At a press conference on Jan. 21, Atlanta Mayor Andre Dickens told reporters that some among the six arrested “were found with explosives on them … and that has led to a police officer’s car being set on fire, and other destruction has occurred.”

Atlanta Police Chief Darin Schierbaum strongly condemned the violence and said that police could tell even early in their probe into riot that “this was not the focus … just to damage the windows of three buildings and set a police car on fire [tonight],” adding, “The intent was to continue to do harm.”

Schierbaum said that protests had started peacefully marching in the city around 5 p.m., until some rioters started smashing property. Order was restored by around 7 p.m., police said. The ATF and FBI are helping with the investigation.

Georgia Gov. Brian Kemp also denounced the riot. Violence and unlawful destruction of property are not acts of protest,” he wrote on Twitter. “They are crimes that will not be tolerated in Georgia and will be prosecuted fully.”

Broken windows at a Wells Fargo branch are seen following a violent protest, in Atlanta, on Jan. 21, 2023. (AP Photo/Alex Slitz)

Anger at Police

The protest that day was in response to the death of 26-year-old Manuel Teran, of Tallahasse, Florida, who was killed by police during a confrontation on Jan. 18. Police said they had shot him in self-defense and that Teran had fired at them first and injured a state trooper. The state trooper was stable and in hospital as of Jan. 19, according to reports.

The Jan. 21 protest-turned-riot was also held in general opposition to plans to construct a $90 million training center for police and first responders in a wooded area of DeKalb County on the city’s southern outskirts.
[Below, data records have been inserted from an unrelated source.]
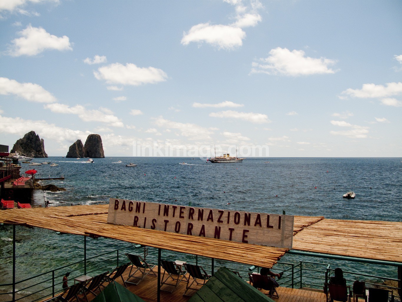 - boat, sea, heaven, cliffs, clouds, restaurant, island, islands
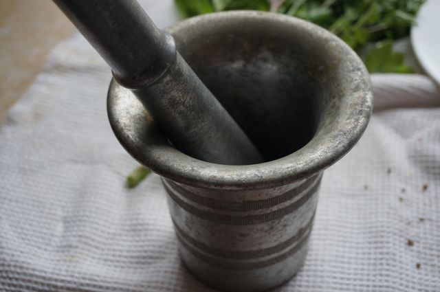 Растереть зерна в ступке, добавить кардамон (если уже молотый).
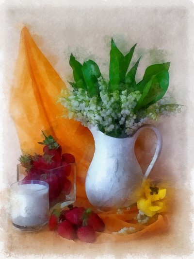 натюрморт с клубникой и ландышами
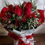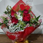 Um buquê encantador e cheio de significado, composto por três rosas vermelhas que simbolizam amor intenso e duradouro, acompanhadas por flores delicadas como astromélias rosadas, gipsofila branca e folhagens verdes que trazem frescor e elegância ao arranjo. O acabamento é feito com papel decorativo em vermelho vibrante, adornado por detalhes em formato de corações, transmitindo ainda mais romantismo.
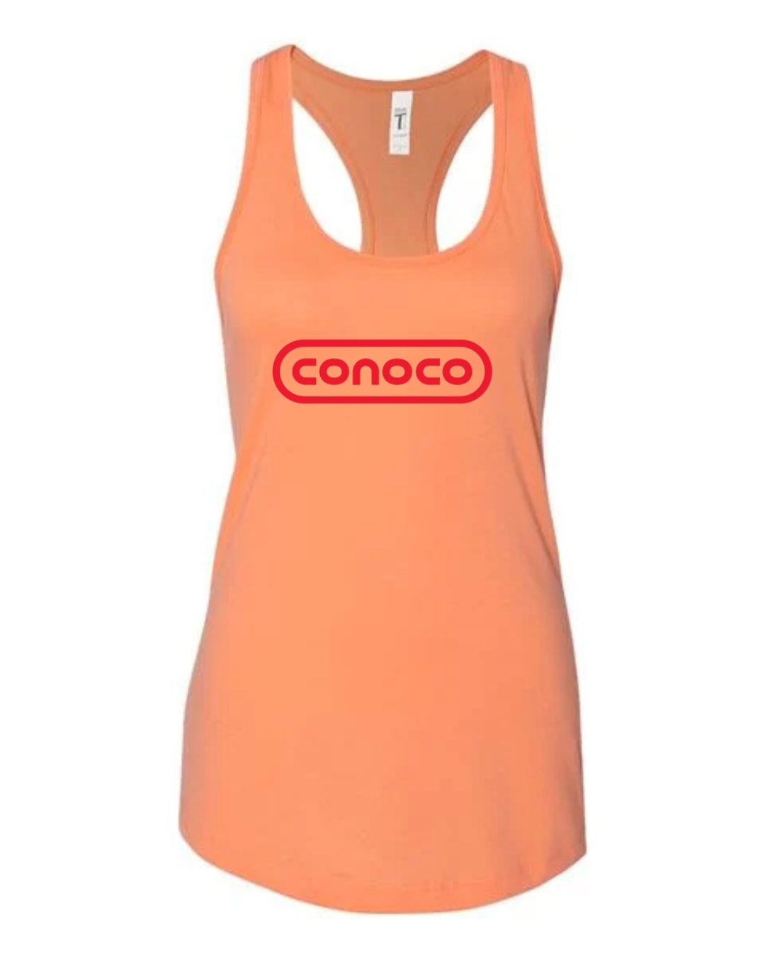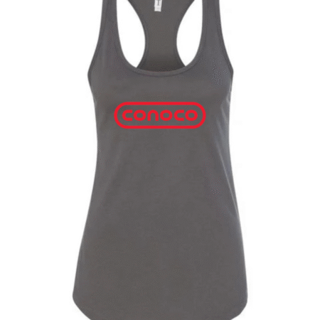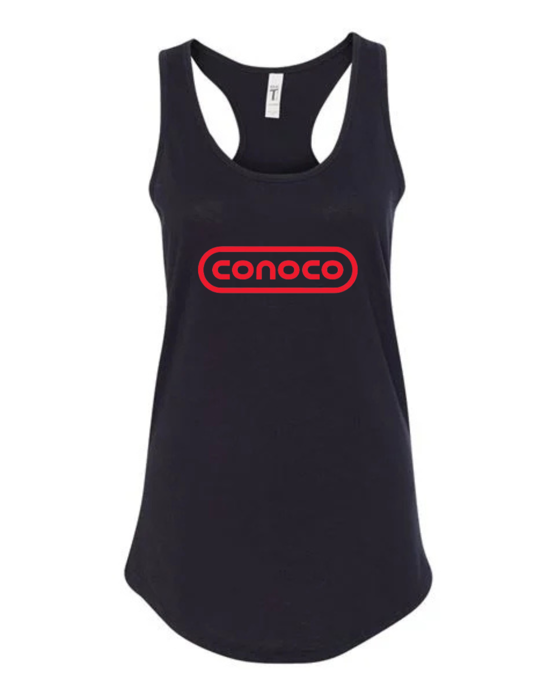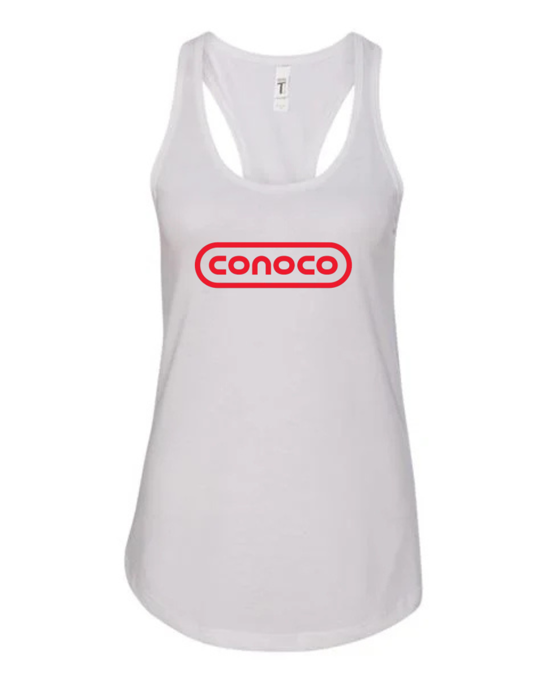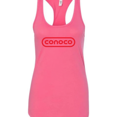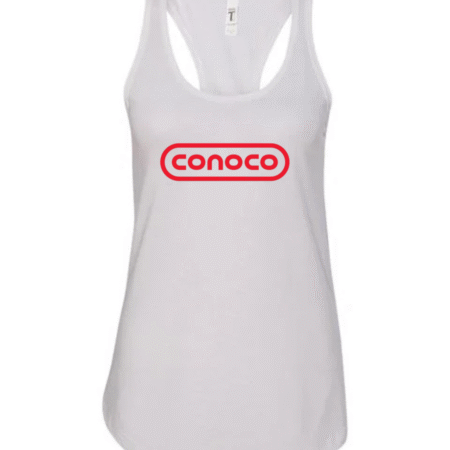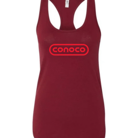 Fuel your everyday style with this Conoco Logo Women’s Racerback Tank Top. Featuring the iconic Conoco logo boldly printed on the chest, this tank delivers a clean, classic look inspired by automotive and fuel industry heritage. The racerback cut offers a flattering athletic fit, while the soft, breathable fabric ensures all-day comfort whether you’re out and about, at the gym, or relaxing casually.
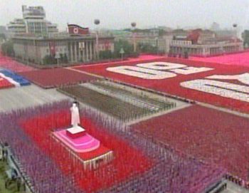 中新网9月9日电 朝鲜今天(9日)在平壤市中心的金日成广场举行阅兵式、群众游行和火炬游行等活动,庆祝共和国成立55周年。据央视国际报道,朝鲜劳动党总书记、国防委员会委员长、人民军最高司令官金正日观看了阅兵式和群众游行。
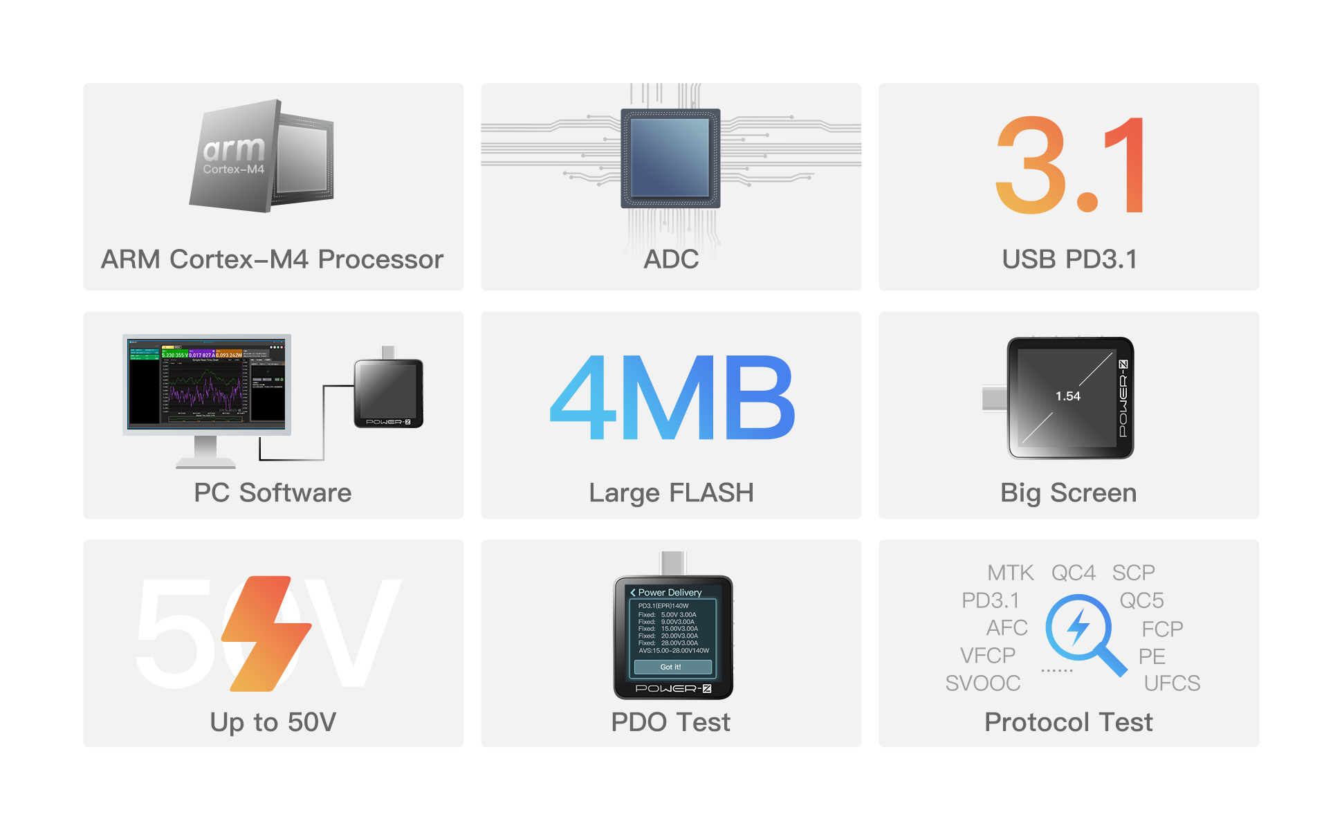 - 【PD3.2】This is the POWER-Z product page. This tester is the latest version and can support PD3.2.

Prior to his death, Teran was protesting at an occupation at the construction site of the training center. Teran was linked to the group Defend the Atlanta Forest (DAF), whose members have derided the planned Atlanta Public Safety Training Center as “Cop City.” The activist group are opposed to law enforcement and are also against development in the forest.

Various groups at the occupation south of Atlanta, which include DAF, appear to be left-leaning. They have called their campaign “Stop Cop City.”

Protests have been taking place against the construction site of the training center since 2022, and have in recent months become more unruly. In December 2022, the Georgia Bureau of Investigation (GBI) arrested and charged a separate five people with domestic terrorism. It said the arrests of the five “came after several people threw rocks at police cars and attacked EMTs with rocks and bottles outside local fire stations,” adding that police “found explosive devices, gasoline, and road flares” in the area.

The GBI had noted that over the past several months prior to the December 2022 arrests, “law enforcement has made several arrests for ongoing criminal activity at the site, including carjacking, various crimes against persons, destruction of property, arson, and attacks against public safety officials.”